Nicola asked, ‘If you found you had a son you’d never known about – it could happen – what would you do?’
Prospero thought about this. ‘Nothing. It’s usually the safest course. If he were in need I would do something for him. Anonymously. As we both know from that source of everyday knowledge, the confessional, this city is full of such cases. Blood is a materialistic fetish and significant only in your case because of your loyalty to someone you mistook for a blood relative. Mastai probably doesn’t know about you.’
17 July
It was the eve of the final vote. Archbishop Darboy was ill and Nicola feared missing him altogether since the bishops would start leaving after tomorrow’s vote if not before.
In the morning, he attended a meeting of the Minority leaders where, in Darboy’s absence, the Hungarian, Haynald, urged a course of action of which he would have approved. This was that all go boldly to tomorrow’s Solemn Session and, following their consciences, in the face of God, Pope and the representatives of the world’s peoples, forthrightly maintain their ‘non placet’.
‘Hear, hear!’
Haynald’s infectious courage had carried the meeting, when Bishop Dupanloup came in late in a state of sickened scruple and argued that although having voted non placet five days ago, they could not vote placet now, neither could they vote non placet in defiance of a revered and threatened Pope. The Catholic world would be scandalised. The word, Nicola saw, worked like a ‘close Sesame’ on bishops’ minds. Limply – for, with Lord Acton gone and Darboy absent, there was no one strong enough to ginger them – the very men who had been acclaiming Haynald’s proposal now agreed to Dupanloup’s compromise, which was to draft a letter to Pius and stay away from tomorrow’s Public Session.
The letter, they agreed
with relief, would register the Council’s lack of unanimity and could be used, when it reconvened, as grounds for challenging the decree. The fight could be deferred. Nobody need go out on a limb. It was the perfect middle way.
Leaving the meeting in angry disappointment, Nicola made for home. He seemed to be coming down with malaria and certainly mal aria was what all had been breathing, rather than the breath of the Holy Spirit on which Mastai was still counting.
Feeling increasingly feverish, Nicola was about to take to his bed when he received an unexpected summons. He was to go to the Vatican this evening for an audience with the Pope.
*
‘Tonsured lackeys!’
The hiss mingled with the engine’s steam.

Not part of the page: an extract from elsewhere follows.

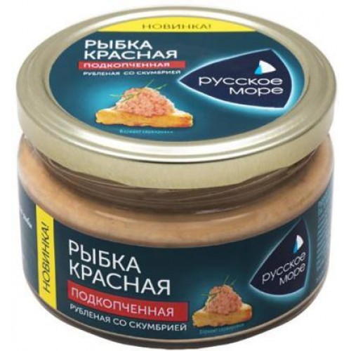 Рыбка красная Русское Море Подкопченная рубленая 180г - это изысканный деликатес, представляющий собой рыбное изделие из красных сортов рыб и скумбрии, мелко порубленных и прошедших горячее копчение. Изготовленный из мяса горбуши, кеты и скумбрии, этот продукт обладает нежным ароматом копчености и плотной текстурой, а также насыщенным вкусом копченой рыбы.

The Opposition bishops were in full retreat and extra carriages had been hooked up to the train to accommodate those leaving Rome before tomorrow’s Solemn Session. The Stazione Termini was filled with valises, trunks, boxes of china, books, bedding, favourite chalices and vestments donated by pious patronesses. In orbit around each departing bishop wheeled friends, servants, secretaries and commiserating sympathisers come to see them off.
‘… lackeys!’
Monseigneur Dupanloup tried to think he had imagined that hiss, which was not impossible since he had lately grown very thin-skinned. Since coming here, he had been pointedly snubbed by Pope Pius, who was well aware of Dupanloup’s personal fondness for him – not to say ‘love’. That was a word often taken in vain, but Dupanloup, a fiery, tender man, had opened his heart to it. In France, where the great effort of his generation of priests had been to reconcile their country with their church, he had found souls tempered in that difficult combat and bound himself to them in ways which, it was sometimes said, smuggled some of the devotion due to God into relations with his fellows. But was it due only to God? What about loving one’s neighbour? There it was again, sibilant and sour! This time, definitely, he had heard the hiss.